Practical Phenomena of Musharakah backed Venture Capital

In realty, venture capital is a real business deal in which both parties venture capitalists (the venture capital company) and the financed company work together and share efforts and returns, because simply there is no gain without pain, where the rejection of riba (usury) begins.
Furthermore, the minimization of the use of banking services specially the loan facilities while moving towards investments companies, which offer asset backed risk sharing facilities based on Musharakah, may protect all parties involve in the venture better with sustainable results.

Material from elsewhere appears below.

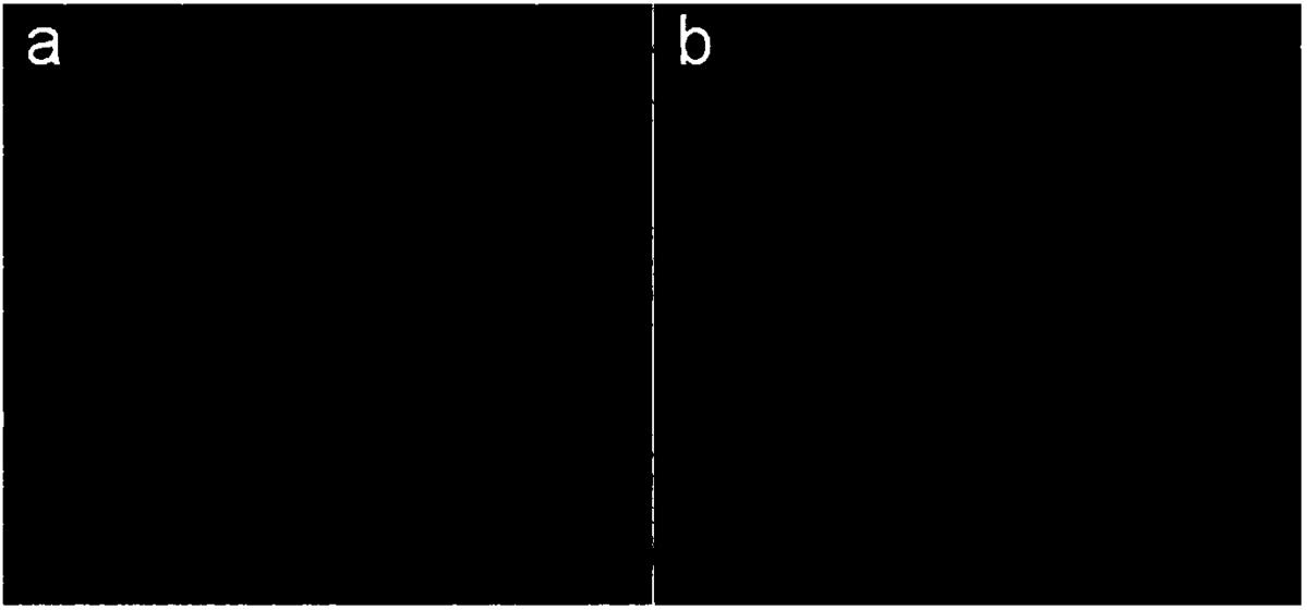 图6是实施例5中用异硫氰酸荧光素标记的SSP-PAMAM-NH2在羟基磷灰石片上吸附后,及异硫氰酸荧光素标记的SSP-PAMAM-NH2在羟基磷灰石片上吸附后使用PBS冲洗后的激光共聚焦显微镜图(a为冲洗前,b为冲洗后);

The following some steps are highlighted to be noted in an Islamic venture capital deal.

• the Company “Sharikah” is of a pharmaceuticals in nature, it has the relevant skills to develop a new type of product and has no enough capital to finance the project.

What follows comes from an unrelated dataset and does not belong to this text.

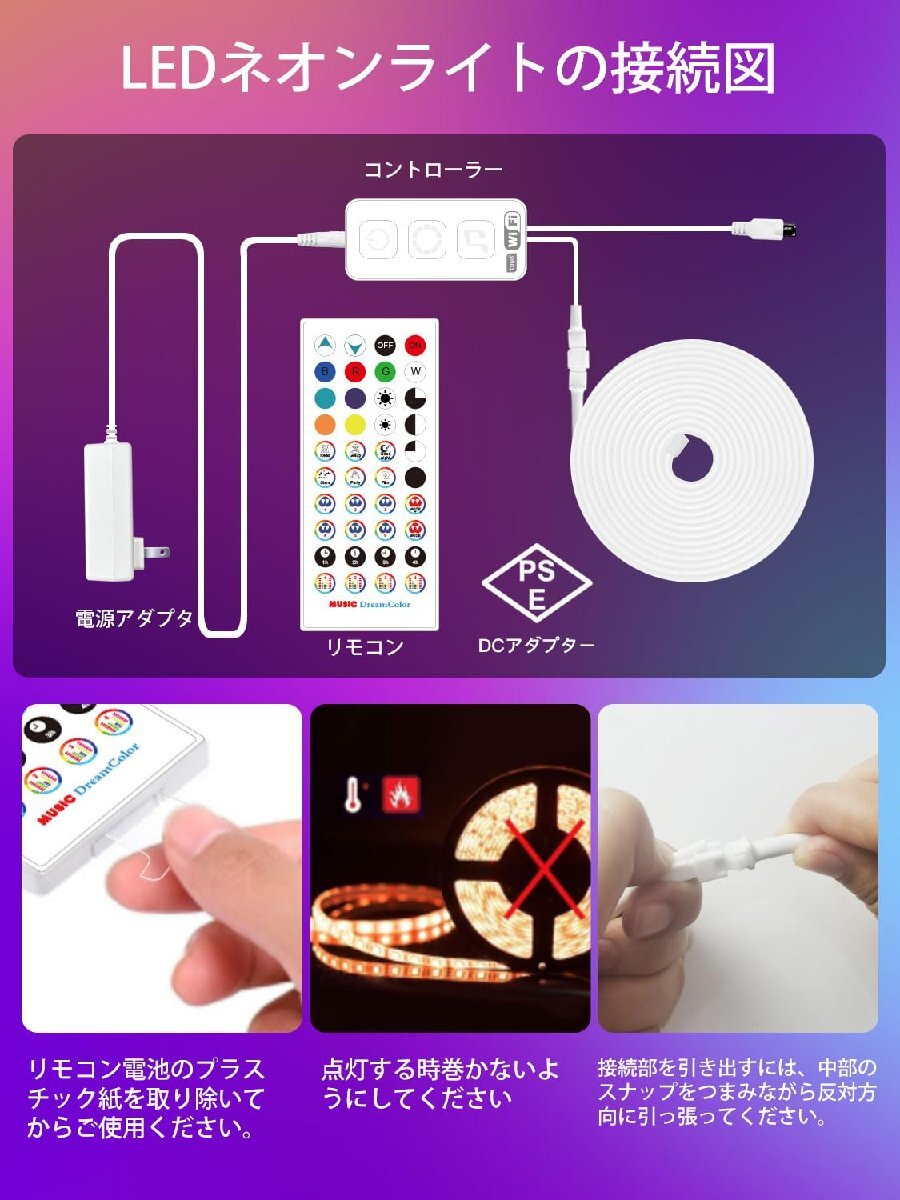 【ネオンチュパッケージ内容】ledネオンライトx1(3m)、PSE認証電源アダプタx1、コントローラx1、リモコンx1、日本語取扱説明書x1、固定用のネジセットx1。弊店は、安心・安全なショッピング体験をさせていくために、一年間の保障サービスを提供しております。(何かご質問がありましたら、24時間以内に解決でき、お気軽にお問い合わせください。)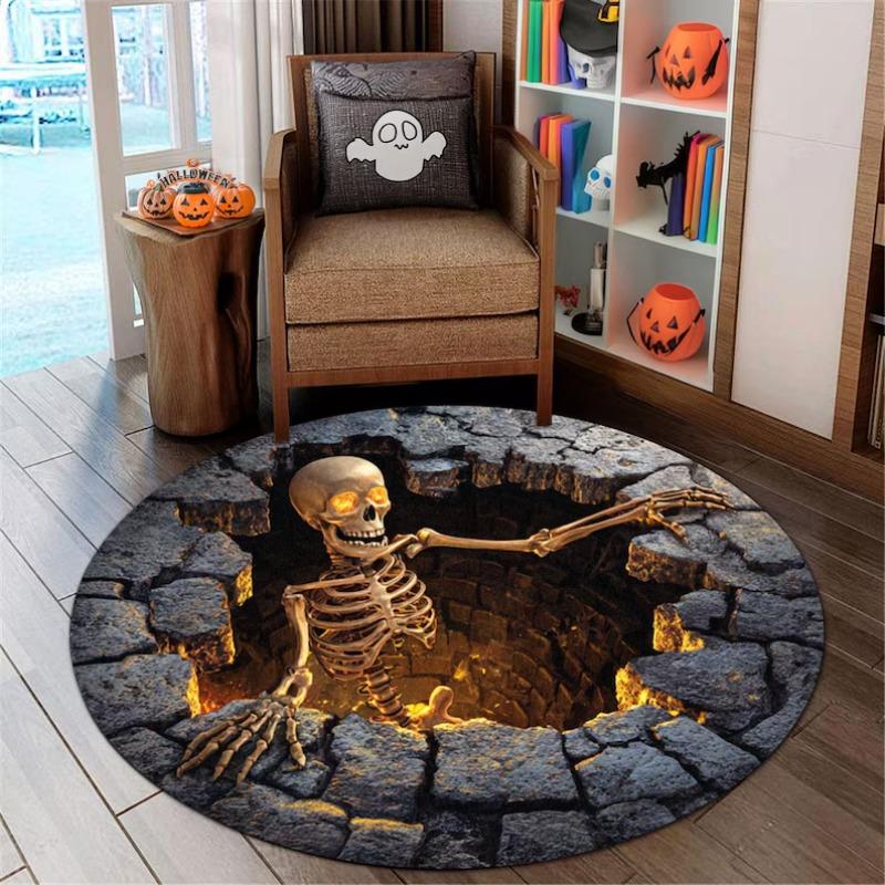 Dark Fantasy Circle Rug Glowing Skeleton Emerging From Cracked Stone Round Carpet Gothic Horror Decor Bedroom Game Room Floors

• the company found a venture capital company, which is going to finance about 90% of the total cost based on Musharakah contract, and later on the profit or loss, which shall be divided according to the principle of Musharakah.

• After the establishment of the venture capital, and the investment opportunities identified, the venture capitalist has the right to monitor the investment and analyze it step by step to make sure the project is successful and beneficial for both parties.

• The contribution of the venture capital company can be converted into common stock, but it is not Islamic to be converted to preference stock, which allows its holder to receive fixed dividend and that is, resemblance to riba.

• The full amount of the agreed capital may not necessarily be provided at lump sum, but by progress payments as per the development of the project.

• The Board of Directors shall contain members from both the venture capitalist & the financed company as per mutual agreement.

• To minimize the risk, the venture capital firm can build a portfolio investment by investing in other companies (Diversification).

• After the project completion the recipient company has the chance to go for public upon satisfying the venture capitalist as per agreement.

• The profit earned from the project will be shared between the involved parties based on pre-determined ratios.

Final Remarks

Indeed, the the paradigm of Islamic venture capital is a timely for the benefit of the corporate Ummah in particular, as a mechanism for raising of funds through the use of the Islamically accepted concept of Musharakah. It may help to a sustainable development not only among the sectors of Muslim owned, but also non-muslim owned projects with much safe guard equally to economy, soci-cultural, human value with professionalism and personality & environmental.